Of course, he'd heard that scummies tortured their prisoners to death. But if it was a question of the possibility of torture, or absolutely buying it from a plasma blast, he'd go for the possibility any day.

* * *

"Cease fire," Fain ordered as he stepped around a gaping hole in the deck. His troopers' fire had opened the bulkheads on either side of the passage to the surrounding compartments, and the wrecked corridor sparked with electricity and finely divided steam. The ChromSten reinforced Armory had shrugged off most of the damage, and now most of one of its walls and its support structure—which had taken a beating—could be seen through the gaps in the bulkheads. All in all, they'd done quite a bit of damage, he reflected. But as long as they were in their suits, the environmental conditions were survivable. Actually, things were looking good; the Armory hatch was shut, and the passage was secure.

"Sergeant Sern, take four men and secure the far end of the hall." He fumbled with his radio some more until he managed to shift frequencies. "Captain Pahner, we have the corridor outside the Armory. The doors are shut, though."

There was a human—presumably one of the "Saint Commandos"—lying face-down on the deck. He didn't appear to be injured, but he had his fingers interlaced on the back of his helmet, and he wasn't moving. Fain gestured to Pol, who picked the wretch up by the back of his uniform and dangled him in the air.

"And it seems that we have a prisoner, too."

* * *

Roger rounded the corner to the bridge entrance and stopped, shaking his head in awe. The ship was trashed. Indeed, never in his worst nightmares had he ever imagined that a ship could be so trashed and still hang together.

More or less.

The deck looked as if it had been carved by a giant kindergartner who had somehow gotten his hands on an absentmindedly mislaid blowtorch. The heavy-duty plastic of the decksole had melted and splashed, leaving jagged splatters, like impressionistic stalagmites, on the bulkheads and huge dripping holes in the deck itself. The bulkheads had sustained major damage of their own, as well. Many of the holes blasted through them were large enough for battle armor to crawl through into the surrounding compartments. One of the larger ones led to what had once been the captain's day cabin, which was as thoroughly trashed as the passageway itself.

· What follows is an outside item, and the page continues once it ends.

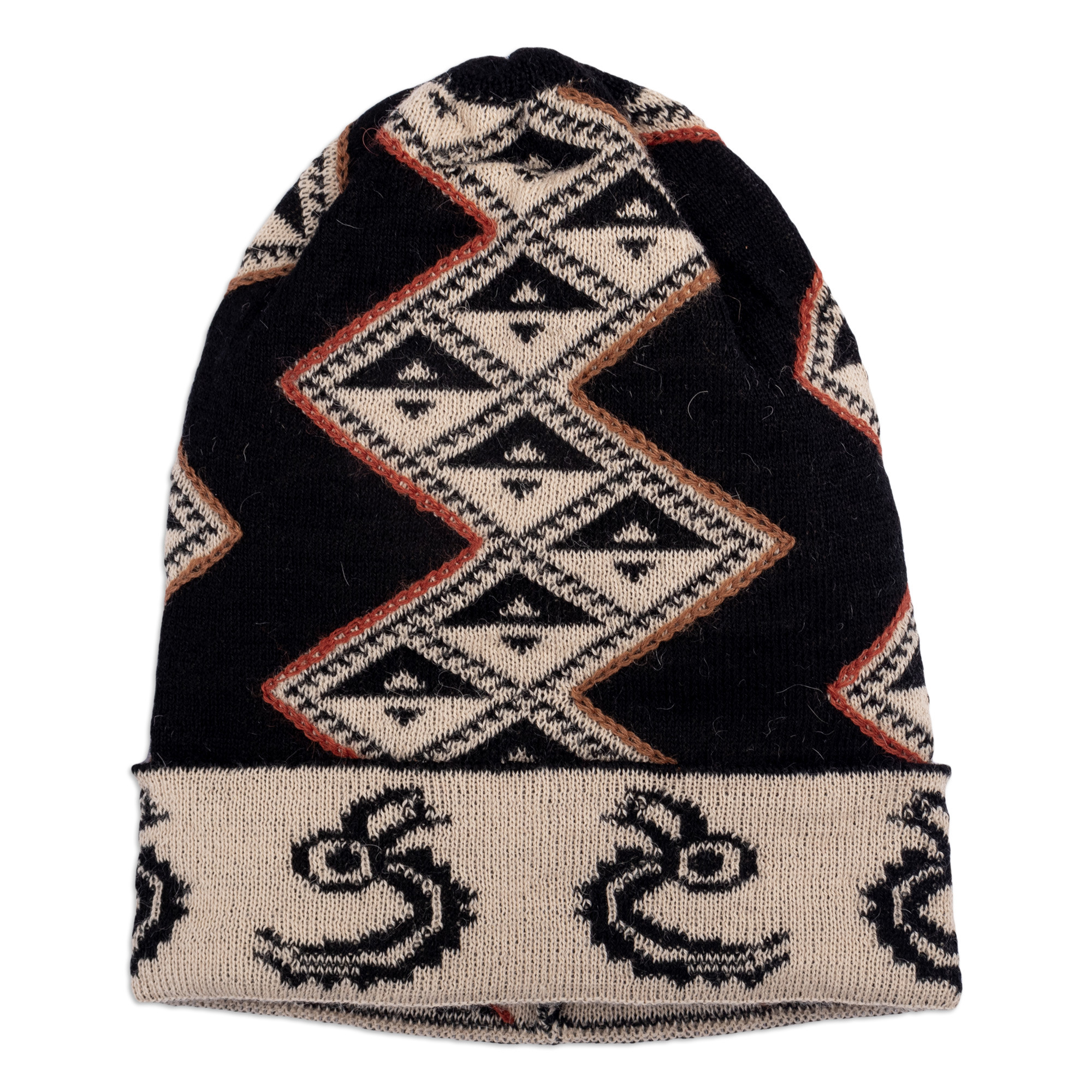 Traditional Inca Black and Beige Alpaca Blend Hat from Peru, 'Noble Origins'

And the Bridge hatch was, once again, firmly shut.

Roger sighed as the drifting smoke and steam suddenly moved sideways and disappeared. He didn't have to look at the red vacuum morning light on his helmet HUD to figure out what had just happened.

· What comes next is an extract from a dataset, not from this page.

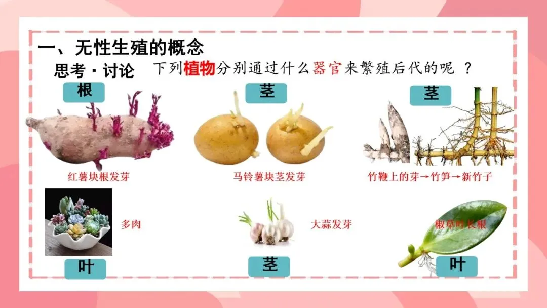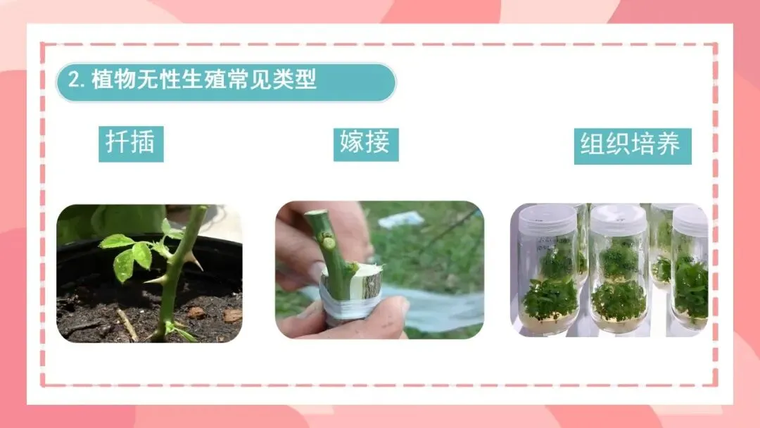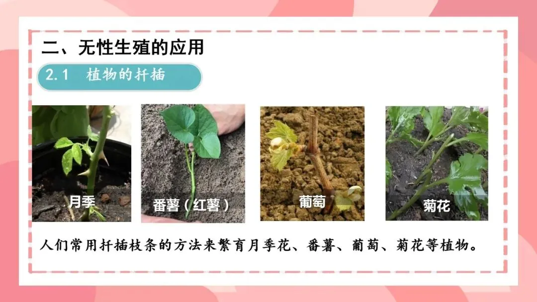本环节围绕“无性生殖在生产中的具体应用” 展开,重点讲解植物无性生殖的三种方式,结合实例、模型和问题探究突破难点。

"Memo to self," he muttered. "Giving Mardukans—or Marines, for that matter—plasma cannon on a ship assault is contraindicated."

* * *

Honal followed the first entry team into the shuttle bay, then dove sideways as a blast of bead-fire tore the three Vashin apart. Fire seemed to be coming from everywhere in the open bay, but the majority of the human defenders were on the far side, near the bay's huge outer hatches. It was easy enough to tell where they were, but doing anything about it was another matter, because they'd taken shelter behind a massive raised plate which undoubtedly did something significant when shuttles were parked in the vast, cavernous space.

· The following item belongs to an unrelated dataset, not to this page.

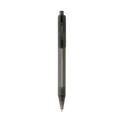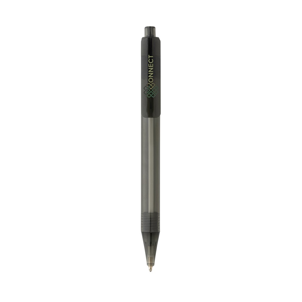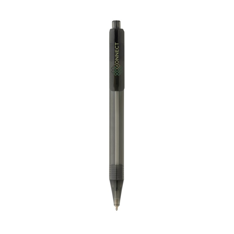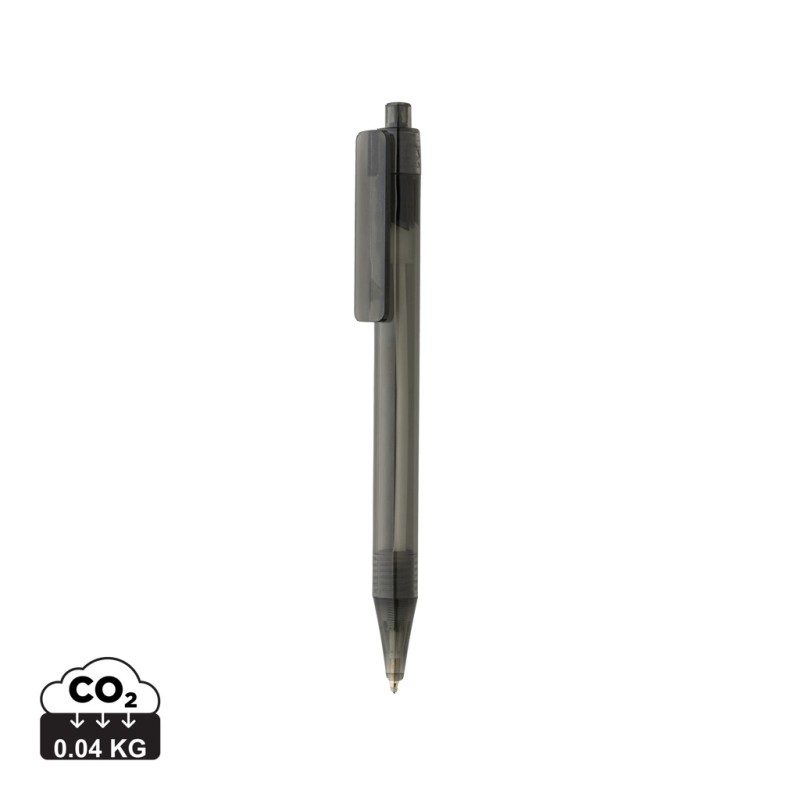 Un nouveau membre de la famille des stylos X. Fabriqué avec des matériaux recyclés certifiés GRS (Global Recycle Standard). La certification GRS garantit une chaîne d'approvisionnement entièrement certifiée pour les matériaux recyclés. Parfait pour communiquer le message de votre marque. Comprend une longueur d'écriture d'environ 1200 m. Recharge d'encre bleue allemande Dokumental® avec bille TC pour une écriture ultra douce.

Honal favored bead rifles over cannons, since the full-sized rifles—after suitable reshaping by Poertena—made a short, handy carbine for someone the size of a Mardukan. Now he used his to return fire, walking the beads along the top of the plate. Each hit tore a chunk out of the top of the device—whatever it was—but didn't seem to faze any of the humans crouched behind it.

The rest of the Vashin entered behind him, but the fire which greeted them was murderous. Beside the Saints by the main airlocks, there were more scattered on catwalks around the bay, and some sheltering by a second set of hatches. The combined crossfire had the Vashin pinned down in the open, without any cover of their own, and the defenders were methodically massacring them.

"The hell with this!" Honal snarled. He and the human Mansul were partially sheltered by a control panel. It had taken a few hits, but it was still functional, judging by the red and green flashing symbols above the buttons at its center. He contemplated the device for a moment, and then smiled.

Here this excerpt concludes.